Scotch Egg Pasties

Another summer weekend, passed by in a haze of cookery, faffing and generally quite a bit of jolly good old-fashioned fun!

My fun, of course, involved the cooking side of things. I have been wanting to know how to make Scotch Eggs for a while and actually only discovered quite recently (to my horror) that they are deep fried!! So, when i saw the ‘Scotch Egg Pasties’ on the Good Food website – i obviously had to try them out.
OK, so a Scotch Egg is never going to be healthy, but these are a helluva lot healthier and actually they look a lot more appetising than the bright orange balls you get when you’ve deep fried (or bought) normal Scotch Eggs…
So, technically i can’t take the credit for this recipe, but i did add some extra bits and bobs that weren’t on the recipe, mainly due to the fact that i was only vaguely following it in the first place.
So, you will need (hang on – confession – I didn’t make the pastry, the British Summer is too short to be making pastry)
1 pack short crust pastry
1 great big sausage of sausage meat
5 spring onions (finely chopped)
2 peppadew peppers finely chopped
Large slosh of Worcestershire Sauce
Lots of salt and pepper
About 4 sprigs of Thyme (finely chopped)
7 medium eggs (JUST hard boiled)
  • Put the Eggs in a pan of water, bring to the boil and simmer gently for 5 minutes.
  • Drain, refill the pan with cold water and leave the eggs to cool in that while you get on with the sausage.
  • Heat oven to 200 degrees (if you haven’t got a fan then 220 degrees).
  • Squeeze all the sausage meat out of the packet into a large bowl.
  • Add the thyme, spring onions, peppadew pepper, Worcestershire Sauce and the seasoning.
  • Squidge it all together, ideally with a hand, but i used a fork then a spatula to get it all off the sides of the bowl.
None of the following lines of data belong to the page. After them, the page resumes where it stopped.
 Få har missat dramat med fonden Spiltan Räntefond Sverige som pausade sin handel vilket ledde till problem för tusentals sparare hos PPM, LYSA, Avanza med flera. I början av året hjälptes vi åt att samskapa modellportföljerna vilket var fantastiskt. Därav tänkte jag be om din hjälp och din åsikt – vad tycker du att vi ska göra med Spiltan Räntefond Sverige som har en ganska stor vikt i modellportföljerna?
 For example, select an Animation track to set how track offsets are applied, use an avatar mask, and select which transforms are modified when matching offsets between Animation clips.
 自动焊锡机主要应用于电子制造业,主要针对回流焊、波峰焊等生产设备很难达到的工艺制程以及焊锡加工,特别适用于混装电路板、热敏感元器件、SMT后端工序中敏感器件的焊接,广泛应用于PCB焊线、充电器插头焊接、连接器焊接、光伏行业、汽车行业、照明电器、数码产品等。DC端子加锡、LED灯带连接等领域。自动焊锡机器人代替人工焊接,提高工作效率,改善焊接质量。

Check it for seasoning – NOT by EATING it – but by smelling it, you’ll just get this mouth-watering sausagey smell that will make you so impatient to hurry up and cook these flippin’ things.
  • Roll out the pastry and cut round disks, measuring about the diameter of a normal cereal bowl
  • Carefully peel the eggs.
  • Place the pastry disks on a floured surface
  • Dollop and spread (almost to the edges) round a ball, ummm, bigger than a golf ball smaller than a tennis ball of the sausage mix. place an egg in the middle of each disk.
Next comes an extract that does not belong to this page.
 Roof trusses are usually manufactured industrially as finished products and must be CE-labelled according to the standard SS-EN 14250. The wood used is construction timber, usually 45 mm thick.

  • Wet the edges of each disk and gently pull the edges together and you will see a pasty shape being formed.
  • ‘Crimp’ the edges. I’m not sure if that is a technical term but it involves putting the thumb and forefinger together on one hand and using the knuckle from the forefinger on the other hand.
  • Place the thumb and forefinger together hand on one side of the stuck together edges and the knuckle on the other side and gently push together forming a relaxed v shape. continue this all the way round and it will look a bit like this.
  • Chill the pasties for 30 (ish) mins, brush over an egg wash and bake for 25 – 30 minutes

Now i really must say, that these smelt divine while cooking, were almost impossible to keep until the picnic (a mere 2 hours after cooking) and tasted utterly gorgeous hot and cold!!